1.2. Context and importance of this course in the degree

This course covers the state of the art of molecular simulations applied to Biomolecules and it is designed to provide the students an understanding on this techniques and also to be capable to perform calculations for their own projects using the available computer codes.

1.3. Recommendations to take this course

Students should have a basic chemical and/or physics background on molecular structure and properties and intermolecular interactions.

2. Learning goals

2.1. Competences

Basic and general:

01 - Sort, analyze critically, interpret and synthesize information

02 - Obtain information from different types of sources and evaluate their reliability

03 - Learning efficiently through autonomous study and acquiring a significant degree of independence

04 - Apply the acquired knowledge and solve problems in new or unfamiliar environments within broader (or multidisciplinary) contexts related to the area of study

05 - Formulate, analyze, evaluate and compare new or alternative solutions to different problem

06 - Be able to work in multidisciplinary and international teams

07 - Develop capacity for criticism and self-criticism

08 - Make decisions taking into account social, ethical and legal responsibilities

09 - Be able to develop a project, participating in the stages of bibliographic search, planning experiments, obtaining results, interpreting, and disseminating them

CB6 - Possess and understand knowledge that provides a basis or opportunity to be original in the development and / or application of ideas, often in a research context

CB7 - That the students know how to apply the acquired knowledge and their problem solving capacity in new or little known environments within broader (or multidisciplinary) contexts related to their area of study

CB8 - That students are able to integrate knowledge and face the complexity of making judgments from information that, incomplete or limited, includes reflections on social and ethical responsibilities linked to the application of their knowledge and judgments

CB9 - That the students know how to communicate their conclusions and the latest knowledge and reasons that support them to specialized and non-specialized audiences in a clear and unambiguous way

CB10 - That the students possess the learning abilities that allow them to continue studying in a way that will have to be to a great extent self-directed or autonomous

 

Specific:

06 – Find, visualize and interpret information about the tridimensional structure of biological macromolecules (proteins, nucleic acids, …), organic molecules or organometallic complexes.
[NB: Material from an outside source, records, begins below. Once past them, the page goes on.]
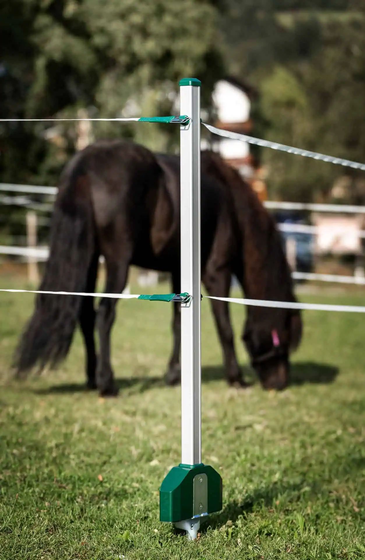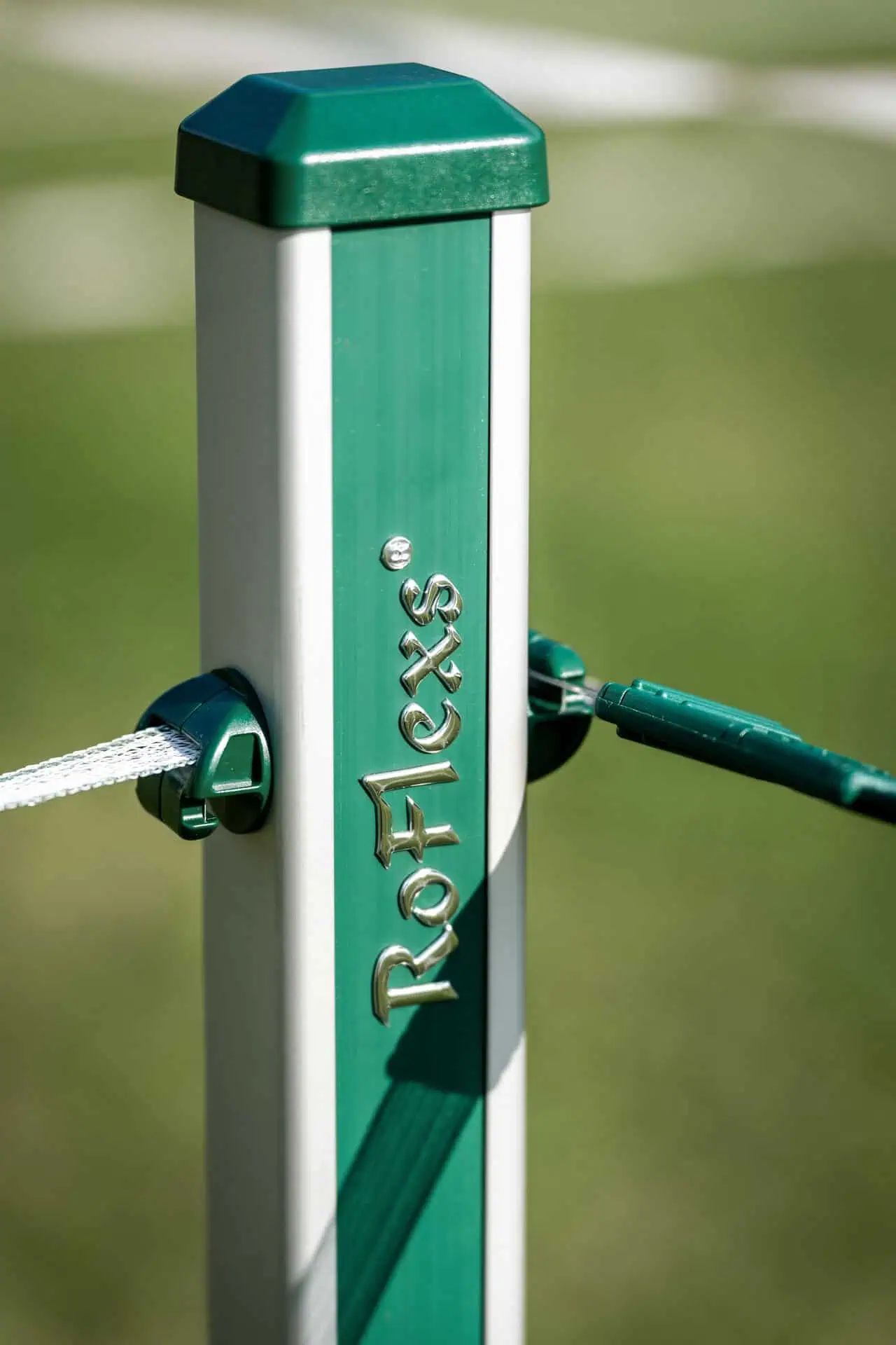 A RoFlexs biztonságos prémium kerítésrendszere jól látható 20 mm széles szalaggal, szalagbarát önfelhúzó rendszerrel és a sapkafeszítés belső átvezetésével van felszerelve. A megerősített, finomított alumíniumprofilból (eloxált) készült erős tekercselőrendszer és a stabil, horganyzott acél földtüske révén a kerítésrendszer abszolút robusztus. A kerítésszalag, valamint az ütésálló, kiváló minőségű műanyag alkatrészek UV-stabilak. Ezen kívül a gyártó 2 év garanciát és további 5 év garanciát vállal a szalagvisszahúzó rugókra.
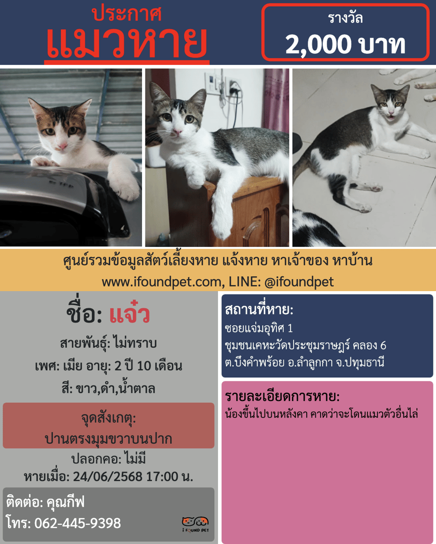 ช่วยกันกดแชร์เพื่อเป็นอีกหนึ่งช่องทางในการตามหาแจ๋ว
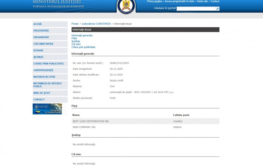 Pe rolul Judecătoriei Constanța se află dosarul cu numărul de înregistrare 36281/212/2025 la Secția Civilă. Dosarul are ca obiect - ordonanţă de plată - OUG 119/2007 / art.1014 CPC ş.u. și se află în stadiul procesual de fond.Părți în dosar sunt Best Lead Distribution SRL - Creditor și NGM Company SRL – debitor.
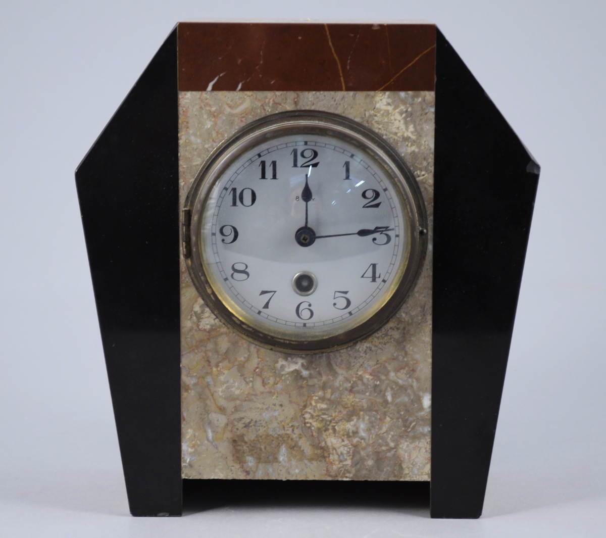 PENDULE BORNE en marbre gris, noir et rouge à angles coupés. Cadran circulaire indiquant les heures en chiffres arabes.
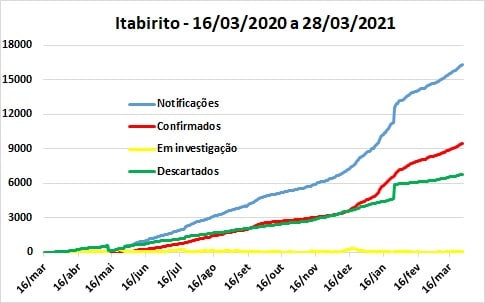 Os dados divulgados no boletim deste domingo (28) indicavam que o município contabilizava 16.309 notificações, 9.454 casos confirmados e 6.788 descartados, com destaque para as 898 novas notificações, 595 casos positivos e 289 casos descartados, de 15 aa 28 de março. As relações descartados/positivos e descartados/notificados caíram para 71,8 e 41.6%, respectivamente.
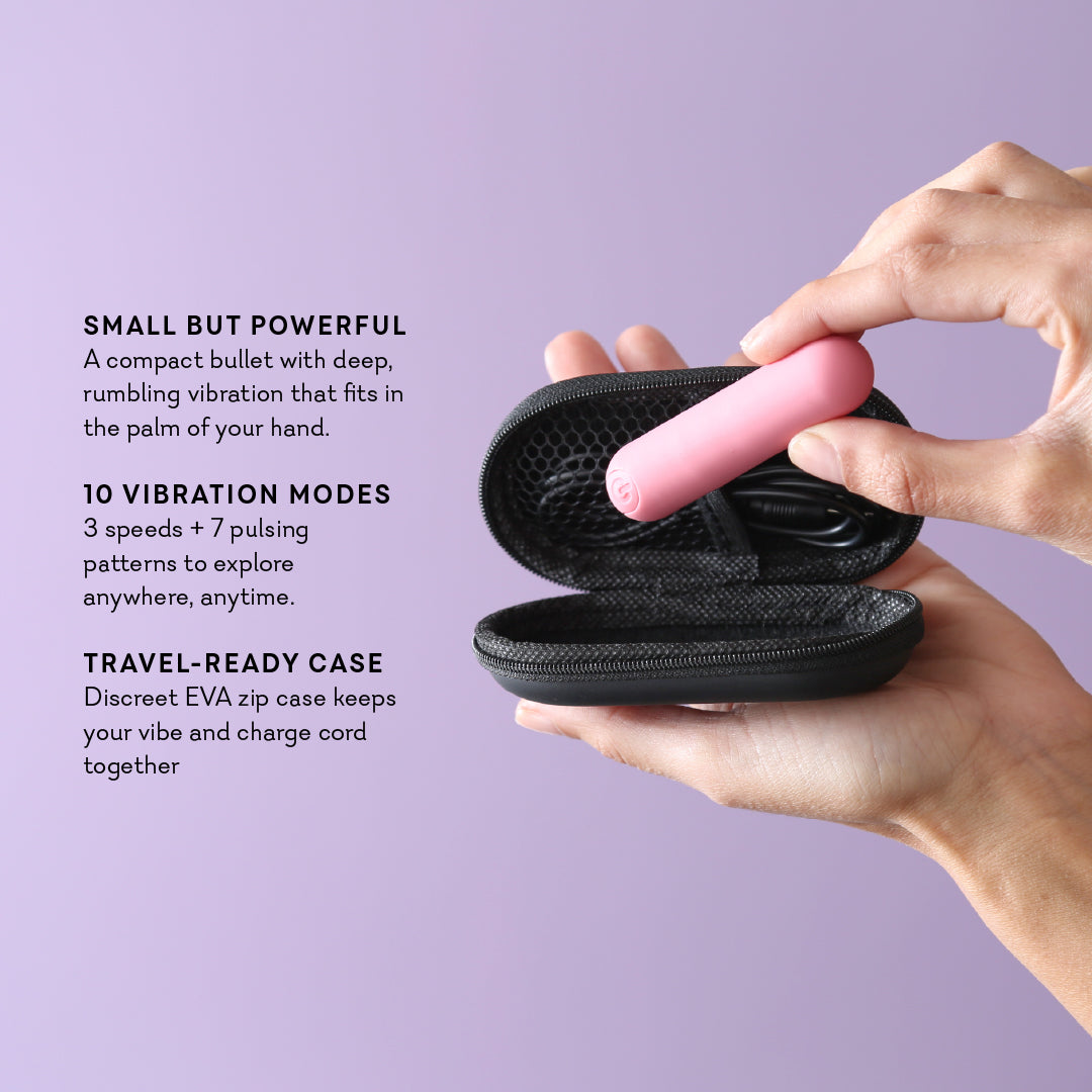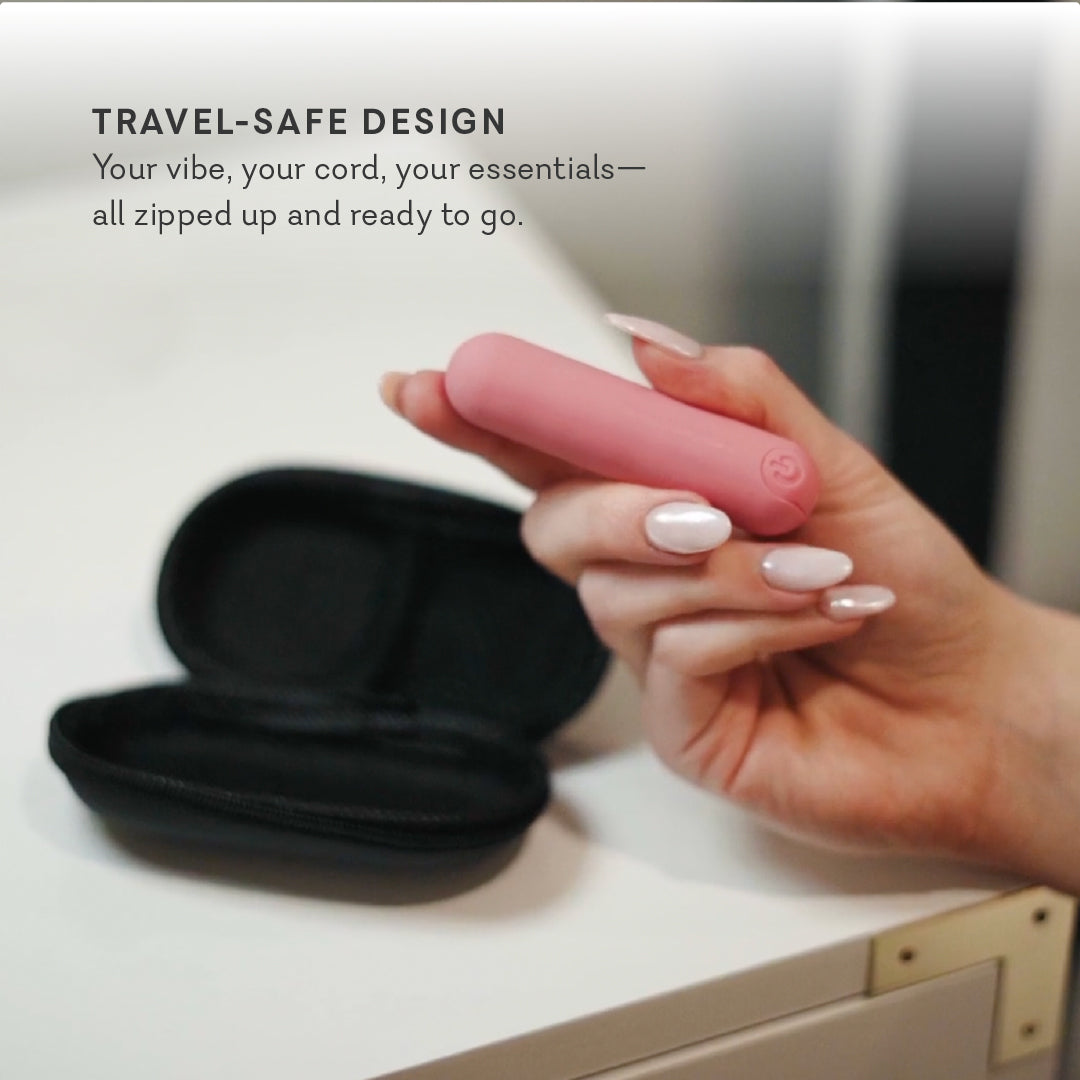 • Travel-friendly! Small but powerful bullet vibrator with zip-up EVA case.
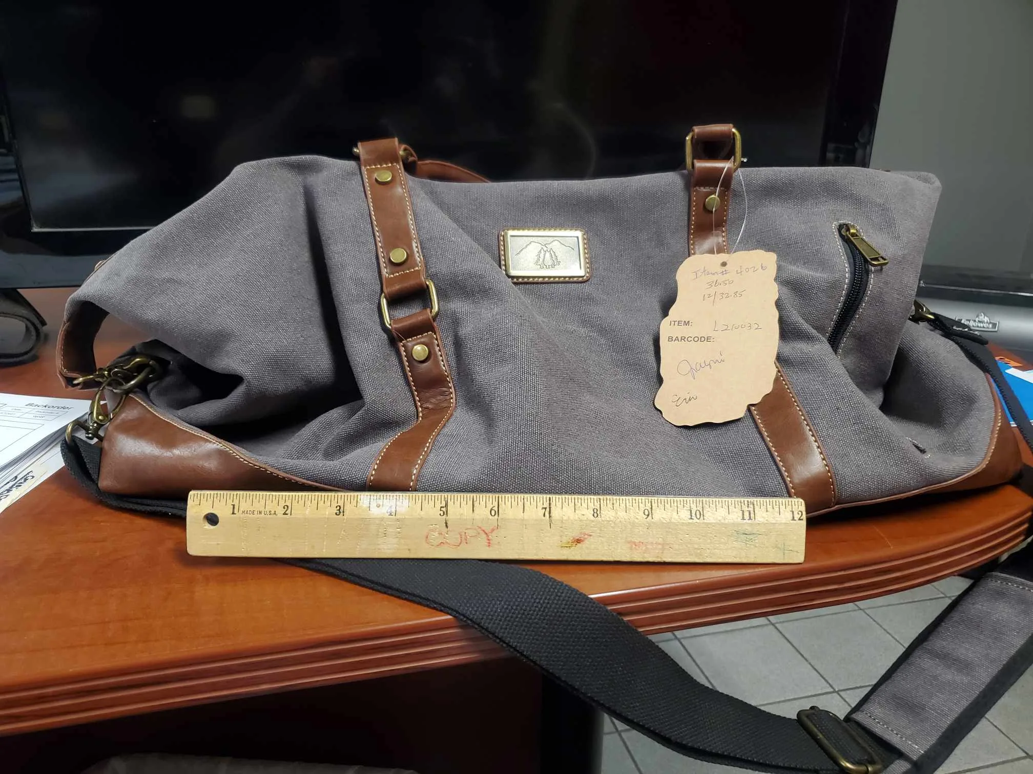 24″ MED GREY CANVAS TRAVEL BAG $51.10 24" MED GREY CANVAS TRAVEL BAG quantity Add to cart SKU: 4026 Category: Prairie Schooner Description Description 24″ MED GREY CANVAS TRAVEL BAG Related products Tag# 3206BK 7.5″ X 8.5″ Leather Shoulder Bag w/cell & Smart Phone Pouch. $20.30 Add to cart GREEN W/ MESH CANVAS BACKPACK $36.40 Add to cart Tag# 3085BK Sports Purse 9×7 $23.10 Add to cart KHAKI CANVAS LAP TOP BAG $30.80 Add to cart
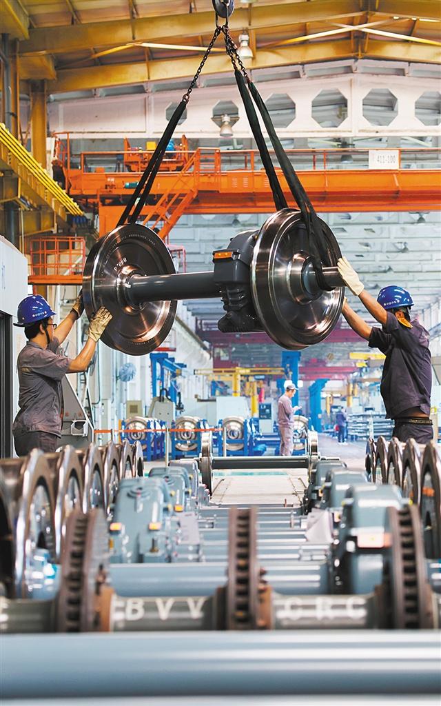 5月28日,中车长客转向架事业部总成产线组,员工在进行城轨轮对压装作业。
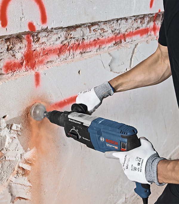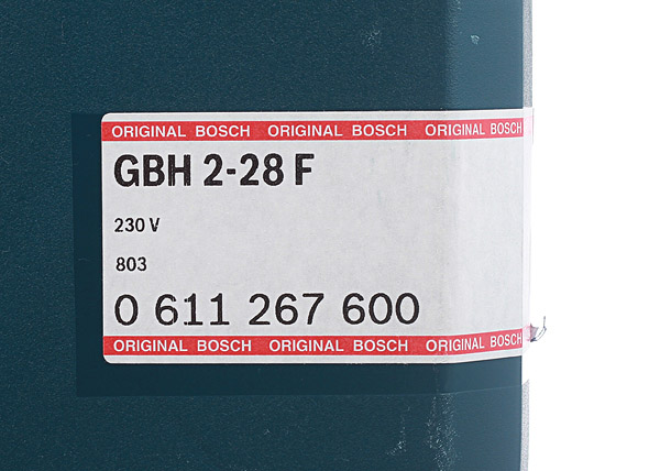 GBH 2 – категория легких перфораторов, 28 – максимальный диаметр сверления в бетоне, F – сменный сверлильный патрон.
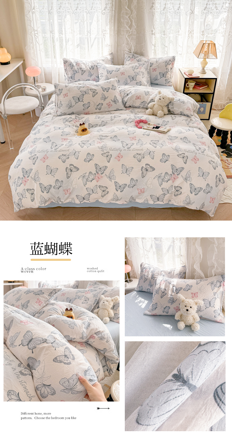 当前位置: 91家纺网 > 商品网购 > 床品套件 > 四件套 > 全棉普通四件套 > 花伞家居 2025新款水洗棉印花四件套蓝蝴蝶
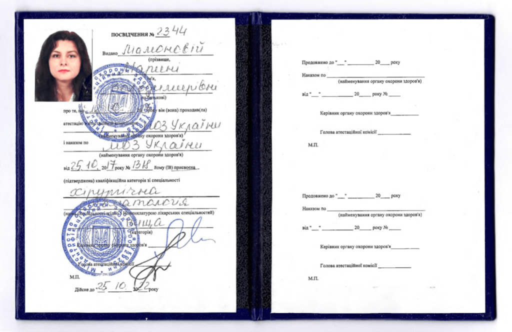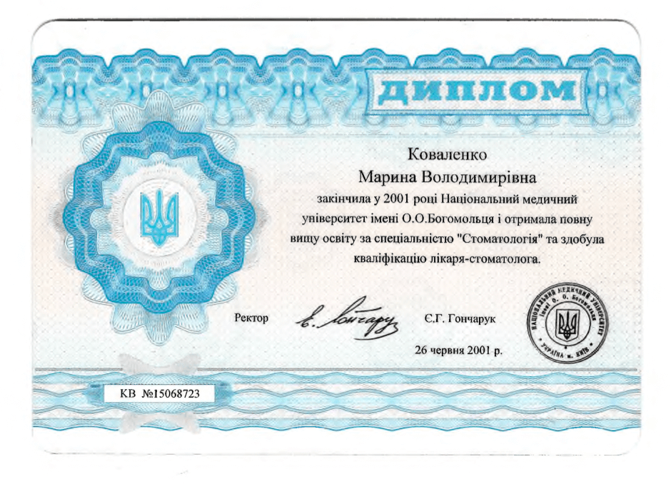 на базе Стоматологического медицинского центра Национального медицинского университета им. А. А. Богомольца, специальность «хирургическая стоматология»
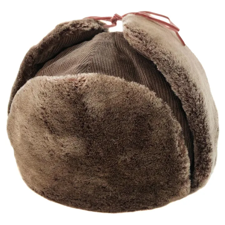 落ち着いたトーンのコーデュロイ地。光沢感のある短めのファーを使用。すっぽりかぶれる大きめサイズ。
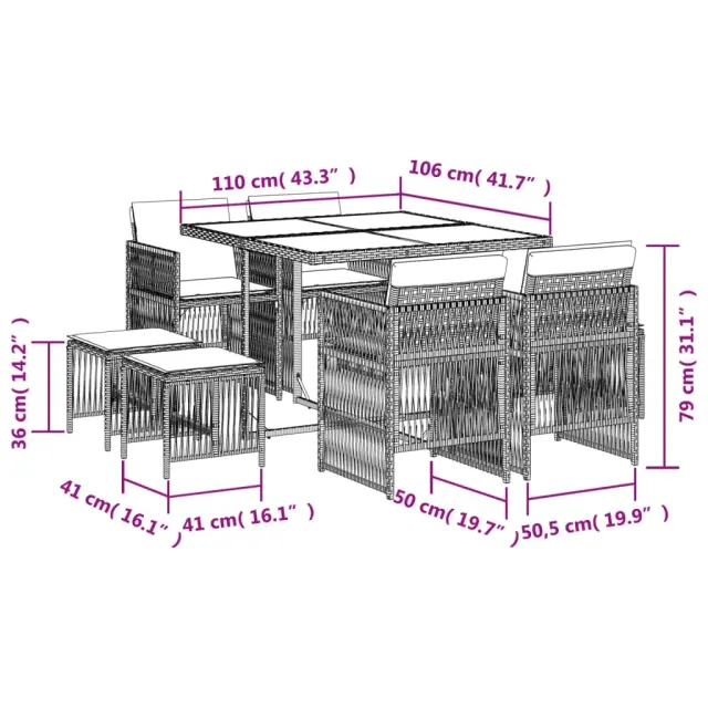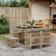vidaXL Vrtna jedilna garnitura 9-delna z blazinami bež poli ratan
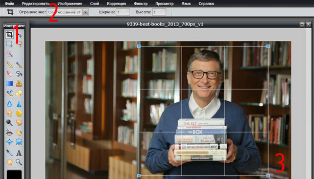 Крок 2. За замовчуванням буде натиснуто властивість “Crop Tool”, якщо воно з якихось причин не використовується, натисніть на нього, воно знаходиться зліва вгорі (цифра 1). Далі потрібно вибрати Обмеження -> Співвідношення сторін (цифра 2), якщо ви не зміните цей пункт, створити квадратну фотографію буде дуже складно. Залишилося вибрати частину квадратного зображення (цифра 3).
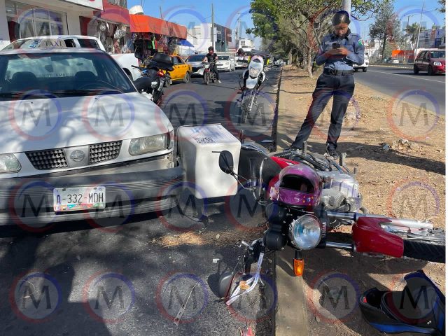 Fue el chofer de un taxi en color blanco, quien en su intento por cambiar de carril, termina por impactar a la pareja de motociclistas cayendo estos últimos sobre la cinta asfáltica.
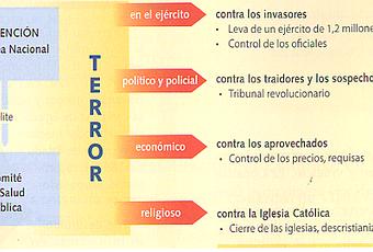 - En lo económico. Economía dirigida (control de precios, salarios, beneficios...), requisas, pena de muerte para los acaparadores, elevados impuestos a los ricos...

07 – Employ force field techniques to evaluate the energy and the forces of a system containing biological relevance molecules.

08- Choose the most suitable minimization and integration algorithms and to set up control variables to carry out a molecular simulation.

09- Carry out molecular dynamics simulations to describe the temporal evolution of a system of biological molecules (description of the native set, folding/unfolding reactions, associative/dissociative protein ligand interactions).

10 – Design and perform Monte Carlo simulations for conformational sampling and calculation of averaged properties.

11 – Carry out analysis of simulations using principal component analysis (PCA), vibrational normal modes and free energy differences.

12 – Understand the principles of quantum mechanics simulations and their relationship to molecular dynamics simulations.

13 – Carry out hybrid simulations (QM/MM) for the study of enzymatic reactions.

14 – Carry out protein/protein and protein/ligand docking using different approaches for conformational flexibility.

15 – Link coupling tests between a target and a ligand library.

 

2.2. Learning goals

The main goal of this subject is to know the main structural features of biological molecules and the interactions that are at their origin. To understand the theoretical basis of the most used techniques for the simulation of biomolecules. To be able to apply these techniques to simple problems using computer programs. To recognize the limitations of the studied techniques and to choose among them the most suitable for a given problem.

2.3. Importance of learning goals

The understanding of the different simulation techniques and the ability of carry out calculations using computer programs is a basic skill which is essential for the design of new Biotechnological projects and for a future career as a researcher within this field.

3. Assessment (1st and 2nd call)

3.1. Assessment tasks (description of tasks, marking system and assessment criteria)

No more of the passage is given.